■ **Entries shown**
╭──
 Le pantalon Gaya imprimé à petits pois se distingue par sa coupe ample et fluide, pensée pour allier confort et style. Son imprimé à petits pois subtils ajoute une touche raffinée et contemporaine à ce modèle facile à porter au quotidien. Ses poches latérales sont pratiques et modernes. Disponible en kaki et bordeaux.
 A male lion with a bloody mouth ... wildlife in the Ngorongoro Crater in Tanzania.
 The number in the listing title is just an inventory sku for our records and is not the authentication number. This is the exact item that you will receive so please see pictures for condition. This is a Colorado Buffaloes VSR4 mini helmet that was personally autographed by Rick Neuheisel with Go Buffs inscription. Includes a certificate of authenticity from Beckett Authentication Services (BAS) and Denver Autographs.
╰──
╭──
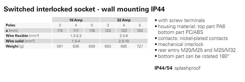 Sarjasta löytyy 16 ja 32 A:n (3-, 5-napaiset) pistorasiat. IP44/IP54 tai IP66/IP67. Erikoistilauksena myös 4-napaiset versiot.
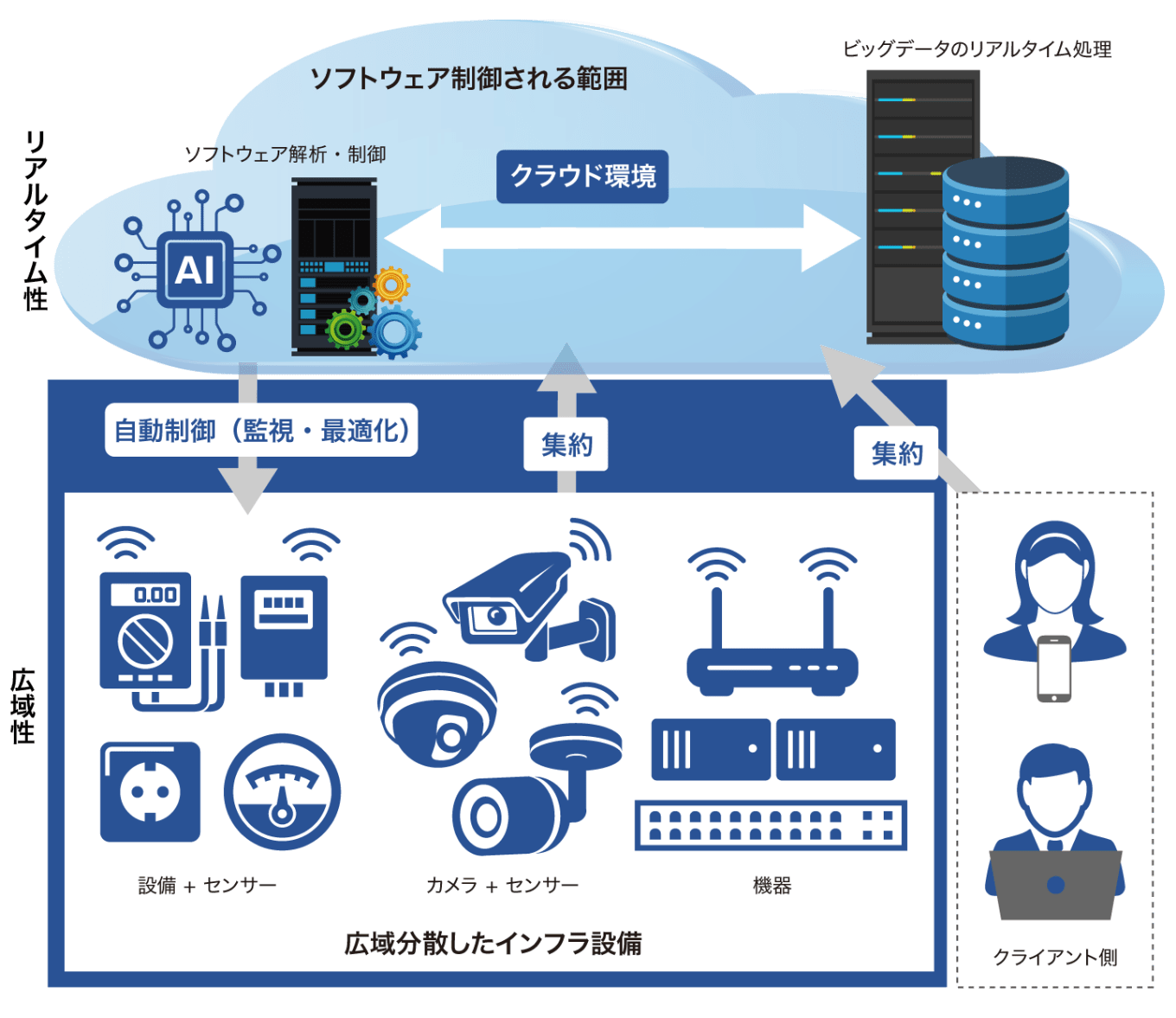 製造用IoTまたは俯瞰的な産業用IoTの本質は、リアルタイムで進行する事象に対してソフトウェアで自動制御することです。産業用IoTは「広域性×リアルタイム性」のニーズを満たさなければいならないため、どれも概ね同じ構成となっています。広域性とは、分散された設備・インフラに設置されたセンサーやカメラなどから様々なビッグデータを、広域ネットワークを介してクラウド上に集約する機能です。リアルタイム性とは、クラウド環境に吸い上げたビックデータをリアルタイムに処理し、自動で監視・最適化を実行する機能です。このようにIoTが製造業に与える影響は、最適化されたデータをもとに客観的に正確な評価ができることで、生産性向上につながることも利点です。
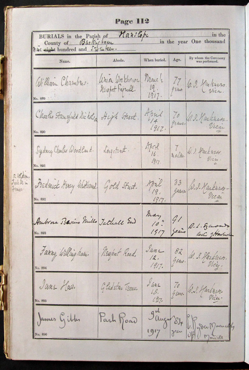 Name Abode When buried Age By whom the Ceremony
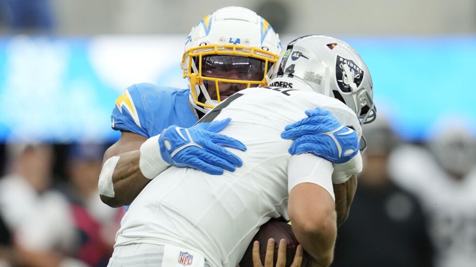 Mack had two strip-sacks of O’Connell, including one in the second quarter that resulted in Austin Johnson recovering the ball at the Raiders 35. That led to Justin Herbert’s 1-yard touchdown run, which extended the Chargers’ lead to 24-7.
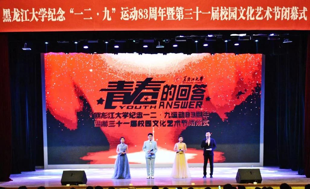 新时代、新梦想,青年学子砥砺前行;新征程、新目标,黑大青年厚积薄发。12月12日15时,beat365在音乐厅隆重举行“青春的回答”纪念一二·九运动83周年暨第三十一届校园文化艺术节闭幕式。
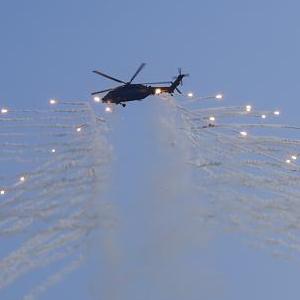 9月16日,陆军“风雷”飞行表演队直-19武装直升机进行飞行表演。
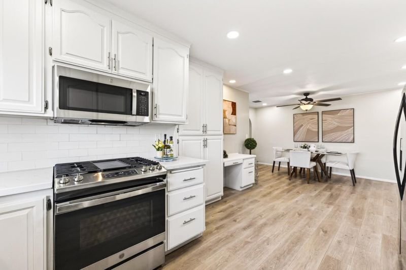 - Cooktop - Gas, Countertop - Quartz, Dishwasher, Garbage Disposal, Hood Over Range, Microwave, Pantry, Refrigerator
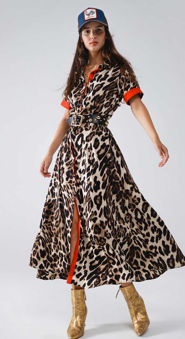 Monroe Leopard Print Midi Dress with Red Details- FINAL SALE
╰──
╭──
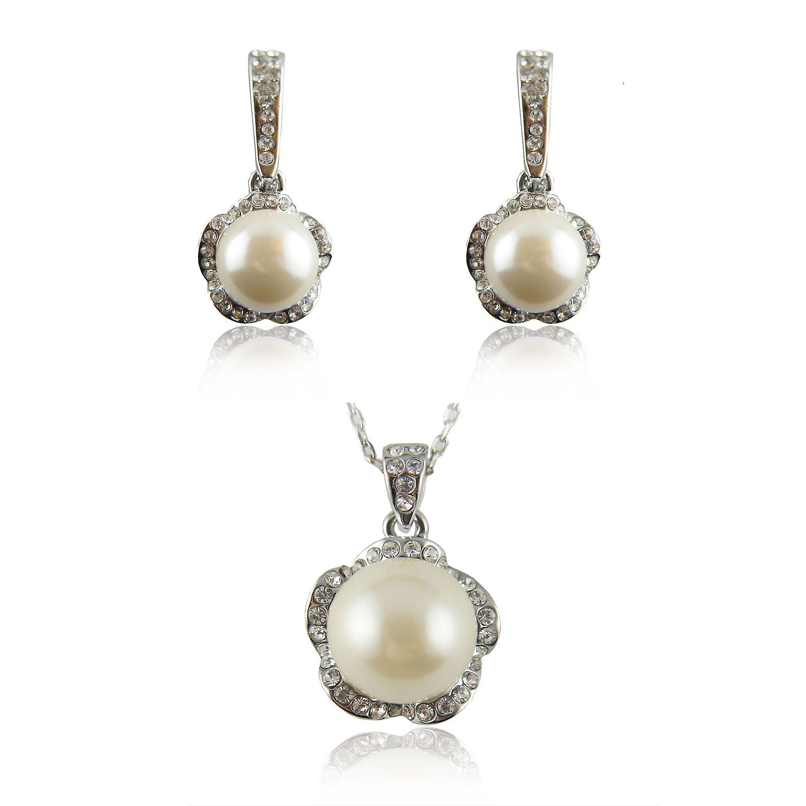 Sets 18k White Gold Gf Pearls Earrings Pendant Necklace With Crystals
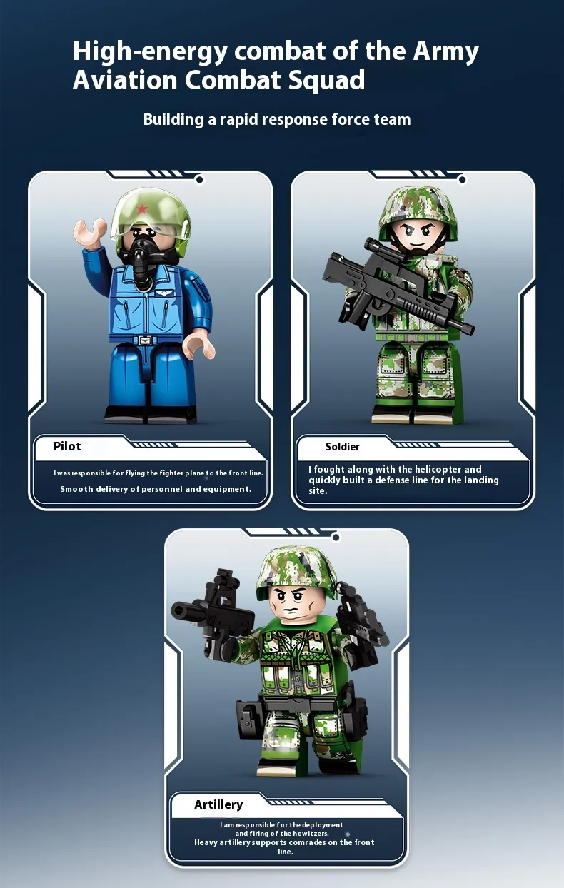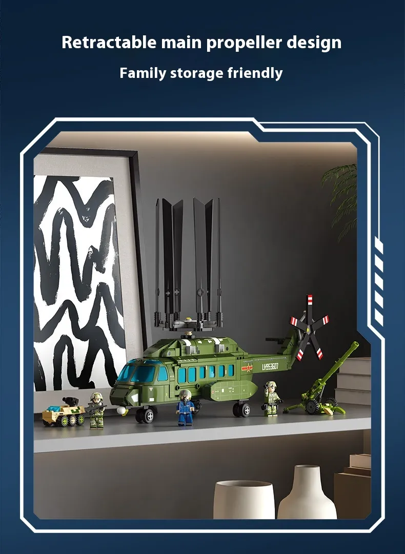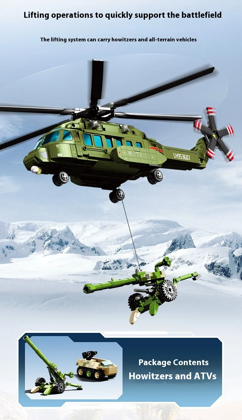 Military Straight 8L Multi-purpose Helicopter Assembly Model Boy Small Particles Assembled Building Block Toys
╰──
■ **Exercise prompt**
From the records above, give again exactly the lines running from the line with "Le pantalon Gaya" to the line with "The number in", inclusive.

■ **Final answer**
 Le pantalon Gaya imprimé à petits pois se distingue par sa coupe ample et fluide, pensée pour allier confort et style. Son imprimé à petits pois subtils ajoute une touche raffinée et contemporaine à ce modèle facile à porter au quotidien. Ses poches latérales sont pratiques et modernes. Disponible en kaki et bordeaux.
 A male lion with a bloody mouth ... wildlife in the Ngorongoro Crater in Tanzania.
 The number in the listing title is just an inventory sku for our records and is not the authentication number. This is the exact item that you will receive so please see pictures for condition. This is a Colorado Buffaloes VSR4 mini helmet that was personally autographed by Rick Neuheisel with Go Buffs inscription. Includes a certificate of authenticity from Beckett Authentication Services (BAS) and Denver Autographs.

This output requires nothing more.